The different affinity interactions between Rv1786 and each of FdrA, FprA, and CYP143A1 were analyzed with SPR measurements. According to the commonly accepted quantification standard of interaction features in SPR analyses, a significant protein-protein binding affinity can be demonstrated with the equilibrium binding constants (K D ) at 10−6 M level and an experimentally off- and on-rate can be ranked with 10−3 s−1 and 103 M−1 s−1 level as fast/slow cutoffs (Hu et al. 2014; Wu et al. 2015; Zhu et al. 2014). In the present study, a significant affinity coupling of Rv1786 to each of FdrA and FprA has been identified with K D values at 10−6 level. When comparing k d and k a values between Rv1786-FdrA and Rv1786-FprA couplings, a slightly stronger binding (a faster on-rate and a slower off-rate) is observed for Rv1786-FprA. In agreement with the prediction in terms of their genetic context, a significant binding affinity between Rv1786 and CYP143A1 was also demonstrated with k d , k a , and K D values at 10−4 s−1, 103 M−1 s−1, and 10−7 M level.

Since Rv1786 lies adjacent to the gene encoding CYP143A1 (Rv1785c), the protein encoded by the gene has been thought as a natural electron transferring partner for CYP143A1 in Mtb (McLean and Munro 2008; Ouellet et al. 2010). However, as the substrate for the CYP143A1 enzyme still remains unknown, the electron transfer function of Rv1786 is difficult to evaluate in an authentic CYP143A1-based catalytic reaction system. Considering that cytochrome c has been used for evaluation of the electron transfer activity of Mtb FdrA or FprA coupling with other Mtb ferredoxins in previous studies (Fischer et al. 2002; Zanno et al. 2005), we decided to use the enzyme as final electron acceptor to characterize the preference for the two FNRs in the absence or presence of Rv1786. The cytochrome c reduction assay demonstrates that Rv1786 can significantly enhance the catalytic rate and efficiency of the reduction reaction for both FdrA and FprA. The steady-state kinetic parameters for FdrA-Rv1786 suggest a better coupling activity of Rv1786 to FdrA than that of Rv1786 to FprA.
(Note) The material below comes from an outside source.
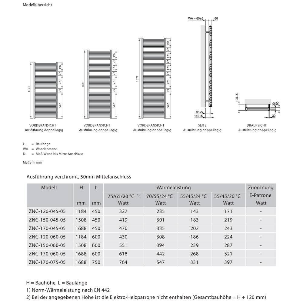 Zehnder Zeno ZNC-150-045-05 Badheizkörper 45 x 150,8 cm mit Mittelanschluss

In summary, the observations from the present study provide a preliminary but rational evidence for characterization of Rv1786 as an active electron transfer in CYP-associated redox system in Mtb. Our results indicate that Rv1786 is able to couple with FdrA or FprA as redox partner. A better coupling activity was observed with FdrA while a stronger binding was found with FprA. Further studies involving Rv1786-deficient systems, crystal structure characterization, and exact function in CYP143A1, catalytic reactions would be required to fully estimate the extent of involvement of this important ferredoxin in virulence or infectivity of Mtb. The present study improves our understanding of the biochemical properties and function of the iron-sulfur cluster containing ferredoxin proteins in Mtb.